Of course, anything concerning Suda 51 comes with an expectation of uniqueness, quirkiness and an unabashed refusal to compromise. Black Knight Sword seems to have no plans to upend such expectations, at least as far the aesthetics are concerned.
Like a meeting between Eastern Europe and Japan, puppetry and 19th-century art styles are uncommon bedfellows in the world of videogames. The hack ‘n’ slash gameplay may not be entirely fresh, but this aesthetic certainly is. Just look at the screenshots… I for one haven’t seen anything that is easily comparable to such art direction.

Framed by the deep red of a theatre curtain, each and every sidescrolling scene looks as though it has been plucked from the sketch book of a morose, depressed artist of Victorian England descent. Moody lighting, muted tones and a desire to subvert your expectations are the order of the day. I came into the Black Knight Sword demo knowing nothing about the game, I left with those images circling my head and with a genuine sense of wanting to experience more just to see more.
Fans of videogame observation are in for a treat.
The art style is brought into even sharper focus, and given an over-worldly sense of motion, thanks to the decision to scroll the world around the player. Rather than moving the knight through the environment, your heavily armoured warrior stays in the centre of the screen as the backdrops glide past.
Such heavenly motion is juxtaposed by the comparatively traditional gameplay. Combat is hack ‘n’ slash in every sense of the term, with simple strikes of your sword ending the lives of the borderline ridiculously designed enemies in explosions of blood and dismemberment.

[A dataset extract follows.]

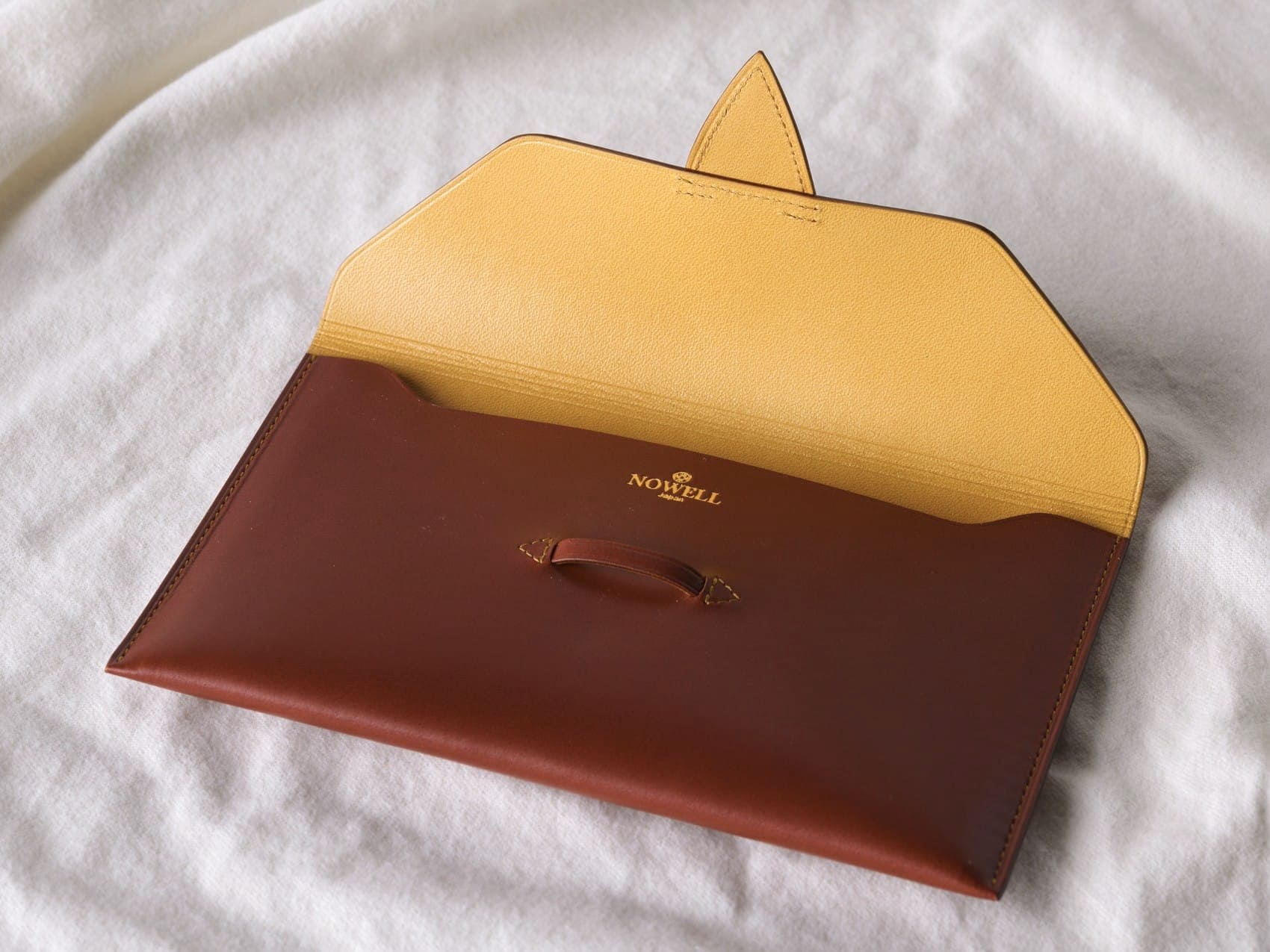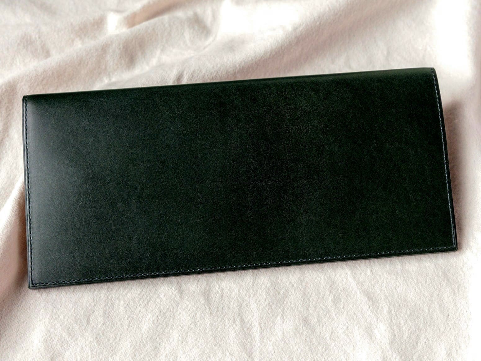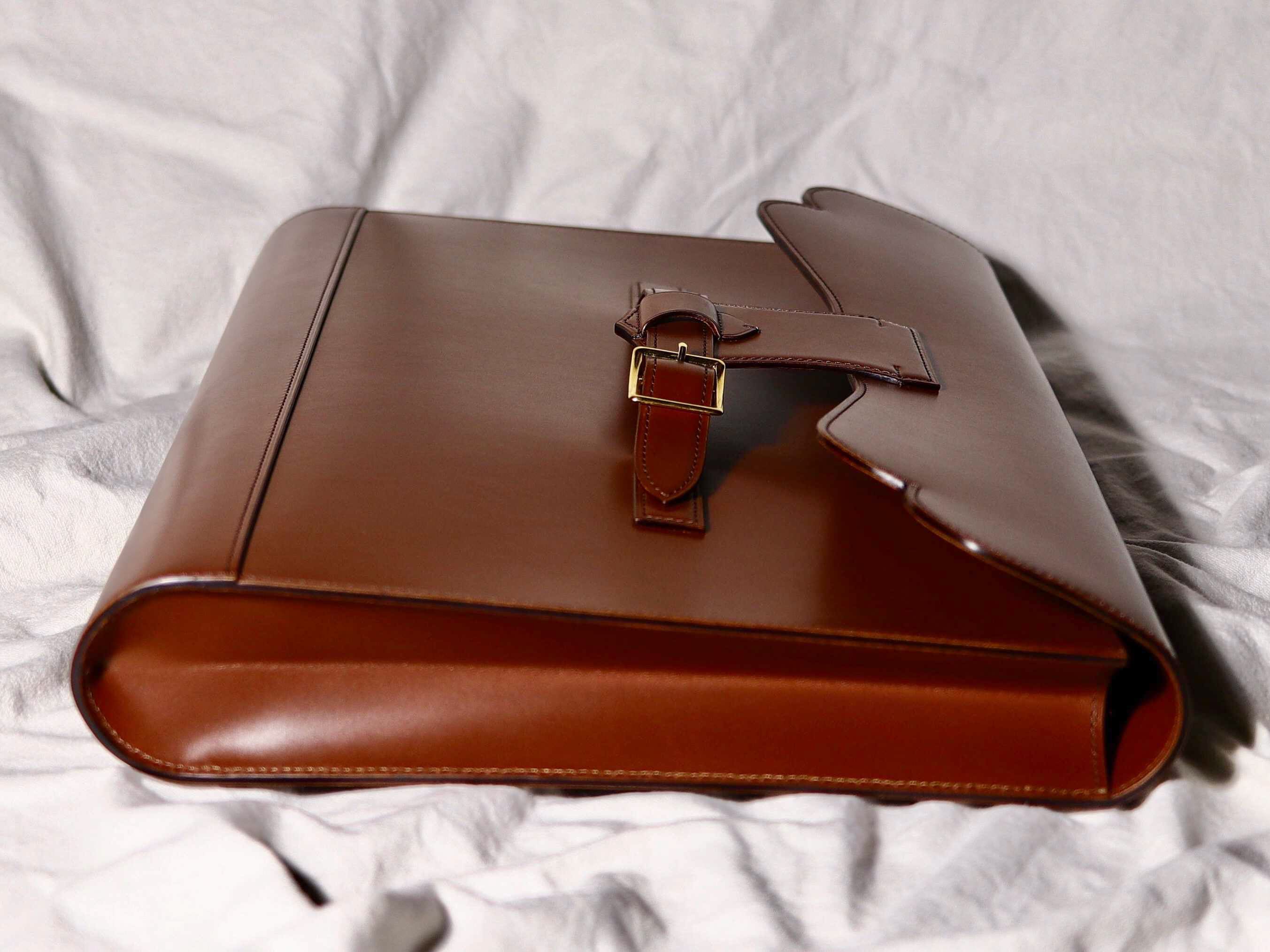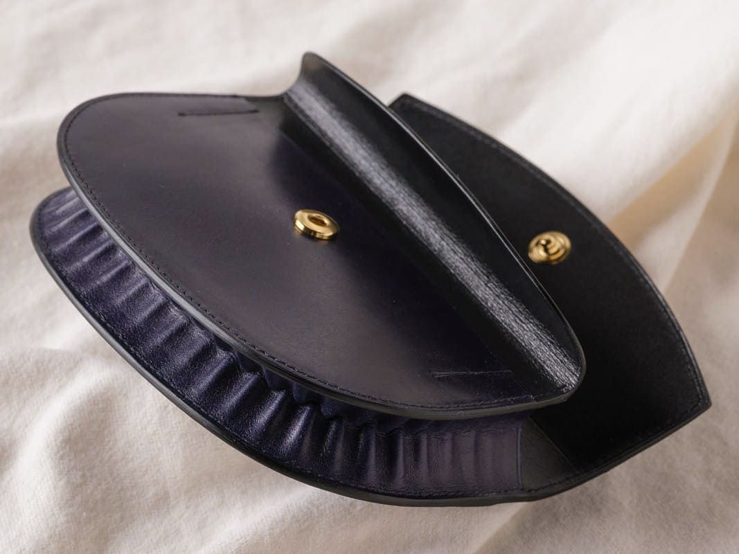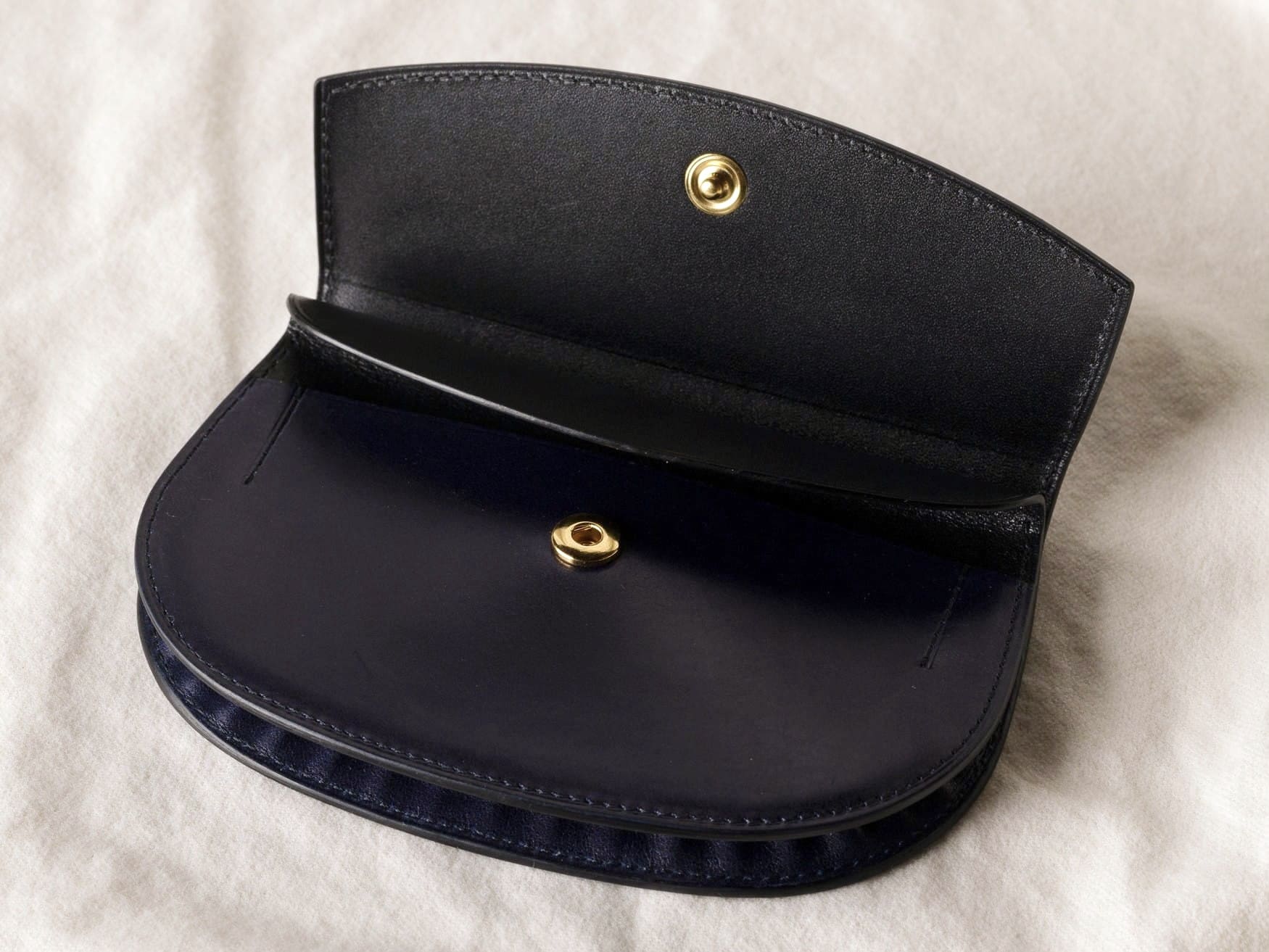 19世紀末から20世紀初頭の革小物は、曲線を多く用いた装飾的デザインが多く、優雅さに何よりも重きが置かれていました。各パーツの革は非常に薄く漉かれ、繊細なミシン目で縫製され大変丁寧に仕上げられています。しかしそれらは同時に高い技術力を要し、生産上のリスクも高い上、手間がかかり過ぎるものでした。その為、時代の流れとともに次第に簡略化され、現代ではほぼ見かけることはなくなりました。素材の面では、エキゾチックレザーと並び、繊維のキメが細かいカーフレザー(仔牛の革)が最もエレガントな素材だとされ、それは今なお紳士靴の世界においても変わっていません。

From what I’ve seen thus far, enemy numbers are small – this can hardly be considered to harbour the same intensity of gameplay as Golden Axe or Castle Crashers – and gameplay is designed around overcoming diverse situations rather than hordes of bodies. The challenge here will be to keep things interesting by constantly delivering enticing scenarios, but what’s for sure is that the lower enemy count allows you plenty of opportunity to ogle the scenery.
Like almost every game of today’s era, Black Knight Sword adds an RPG element in the form of an upgrade system. Vanquished enemies sometimes drop hearts which act as the game’s currency and are traded in to improve your abilities.
Having seen so little of the game it’s impossible to comment on their effectiveness or long-term appeal and, in all honestly, I’m not concerned by those sorts of additions as a general rule. But I’ll reserve judgement until the finished article is in my hands.

All of this is wrapped in a musical score composed by the uniformly brilliant Akira Yamaoka (Silent Hill, Shadows of the Damned and the upcoming Lollipop Chainsaw), so expect the sound design to compliment and enrich the visual element.
No matter how Black Knight Sword turns out (good or bad), there’s little chance that this is going to be the game that finally brings the Grasshopper Manufacture the commercial success their games deserve. The studio’s reluctance to compromise and desire to constantly craft fresh (often challenging) experiences means they’ll likely always stay rooted in the realm of artistic appreciation rather than mass entertainment.
Black Knight Sword, like Shadows of the Damned, Killer7 and No More Heroes, will likely become another sexy little secret of those in the know. Needless to say, I’m eager for a bigger peek at the puppets as they glide across their floating backdrop.